Exercise directions:
Although the records contain pictures, only their text should be set down, exactly as written.

Data listing:
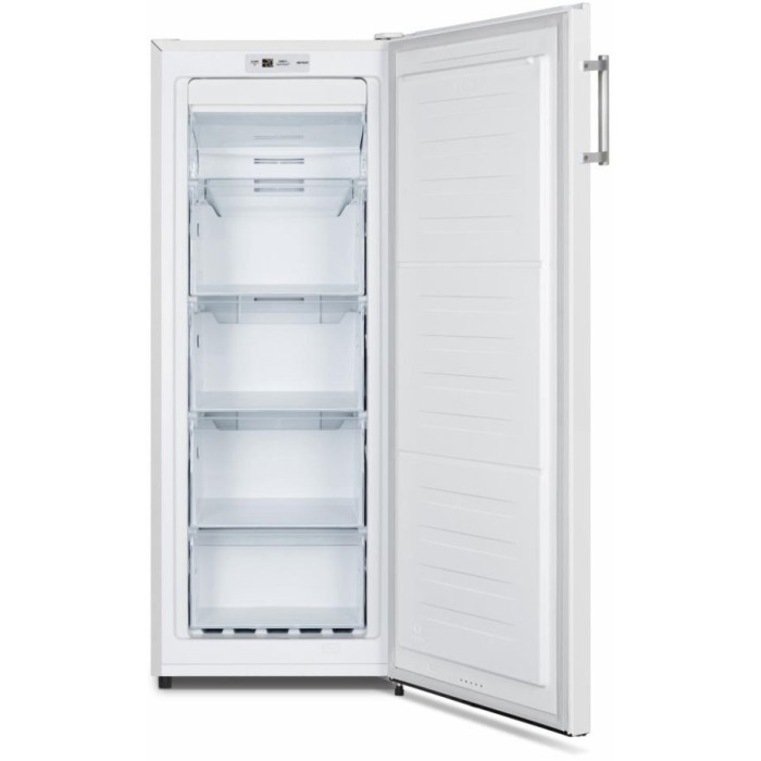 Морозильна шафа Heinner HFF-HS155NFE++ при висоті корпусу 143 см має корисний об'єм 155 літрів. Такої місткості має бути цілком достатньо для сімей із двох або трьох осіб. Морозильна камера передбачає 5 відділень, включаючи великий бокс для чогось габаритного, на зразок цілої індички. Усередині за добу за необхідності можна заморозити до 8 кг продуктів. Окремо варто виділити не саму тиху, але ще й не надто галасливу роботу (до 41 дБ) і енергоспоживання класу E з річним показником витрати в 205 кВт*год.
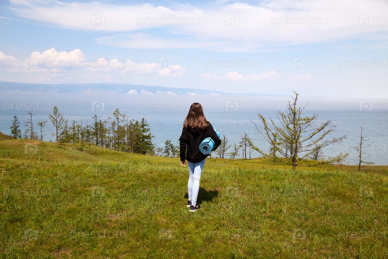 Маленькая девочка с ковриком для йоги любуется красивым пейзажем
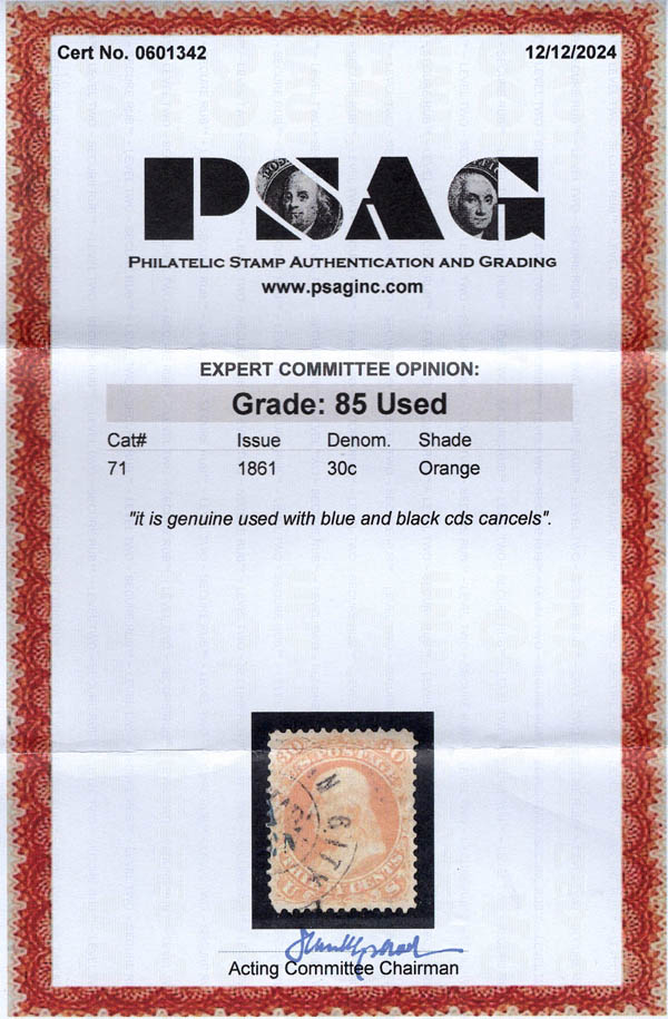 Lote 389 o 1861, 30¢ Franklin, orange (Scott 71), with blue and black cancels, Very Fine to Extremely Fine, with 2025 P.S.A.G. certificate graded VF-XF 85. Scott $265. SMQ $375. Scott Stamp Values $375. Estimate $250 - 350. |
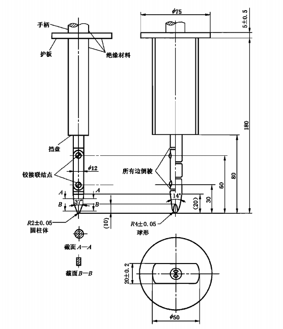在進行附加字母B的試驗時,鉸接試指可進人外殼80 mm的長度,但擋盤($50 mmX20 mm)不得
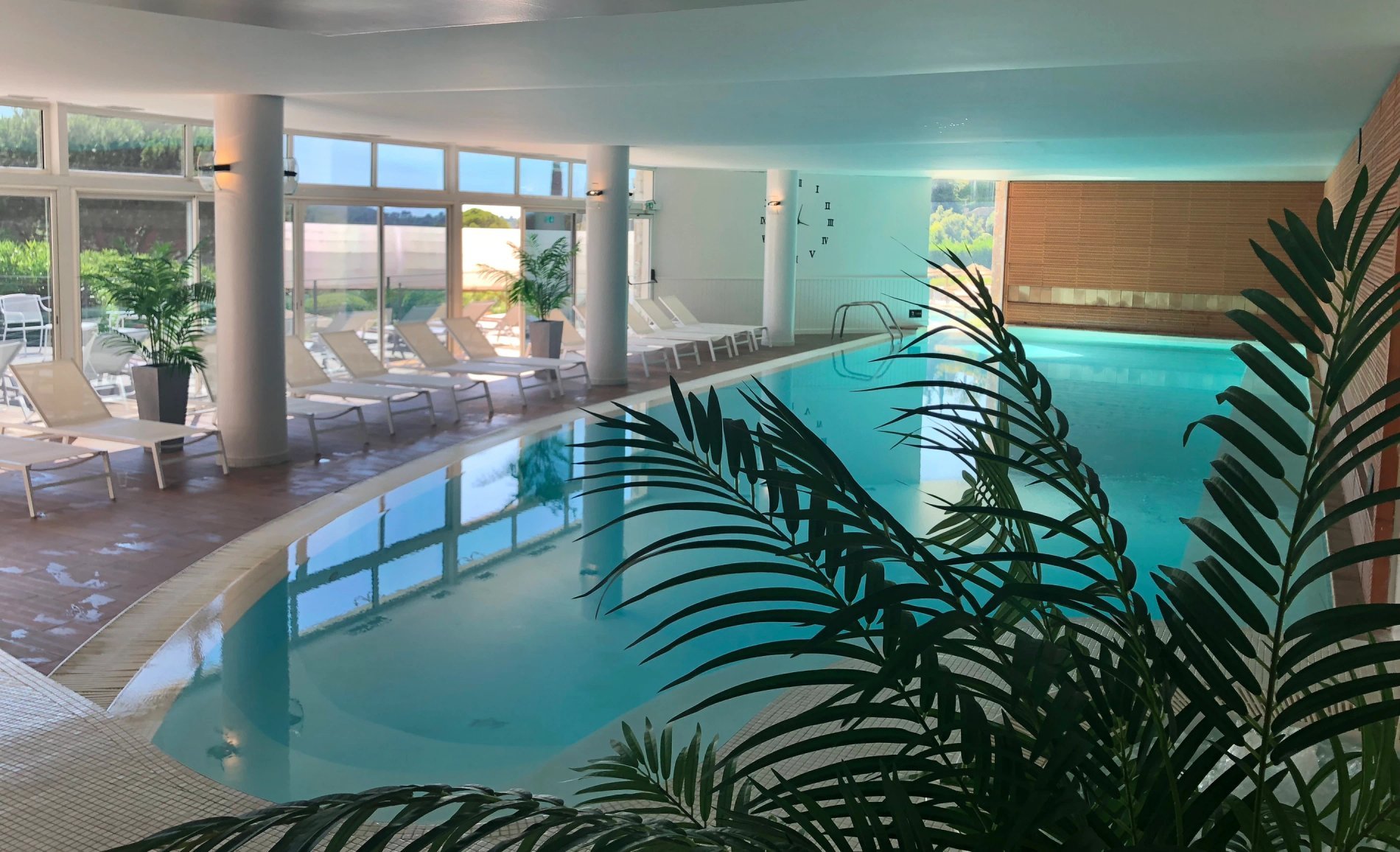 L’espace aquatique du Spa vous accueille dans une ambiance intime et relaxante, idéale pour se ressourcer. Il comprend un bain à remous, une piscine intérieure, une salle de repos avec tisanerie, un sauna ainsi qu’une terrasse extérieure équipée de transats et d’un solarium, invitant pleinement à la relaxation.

Answer space:
 Морозильна шафа Heinner HFF-HS155NFE++ при висоті корпусу 143 см має корисний об'єм 155 літрів. Такої місткості має бути цілком достатньо для сімей із двох або трьох осіб. Морозильна камера передбачає 5 відділень, включаючи великий бокс для чогось габаритного, на зразок цілої індички. Усередині за добу за необхідності можна заморозити до 8 кг продуктів. Окремо варто виділити не саму тиху, але ще й не надто галасливу роботу (до 41 дБ) і енергоспоживання класу E з річним показником витрати в 205 кВт*год.
 Маленькая девочка с ковриком для йоги любуется красивым пейзажем
 Lote 389 o 1861, 30¢ Franklin, orange (Scott 71), with blue and black cancels, Very Fine to Extremely Fine, with 2025 P.S.A.G. certificate graded VF-XF 85. Scott $265. SMQ $375. Scott Stamp Values $375. Estimate $250 - 350. |
在進行附加字母B的試驗時,鉸接試指可進人外殼80 mm的長度,但擋盤($50 mmX20 mm)不得
 L’espace aquatique du Spa vous accueille dans une ambiance intime et relaxante, idéale pour se ressourcer. Il comprend un bain à remous, une piscine intérieure, une salle de repos avec tisanerie, un sauna ainsi qu’une terrasse extérieure équipée de transats et d’un solarium, invitant pleinement à la relaxation.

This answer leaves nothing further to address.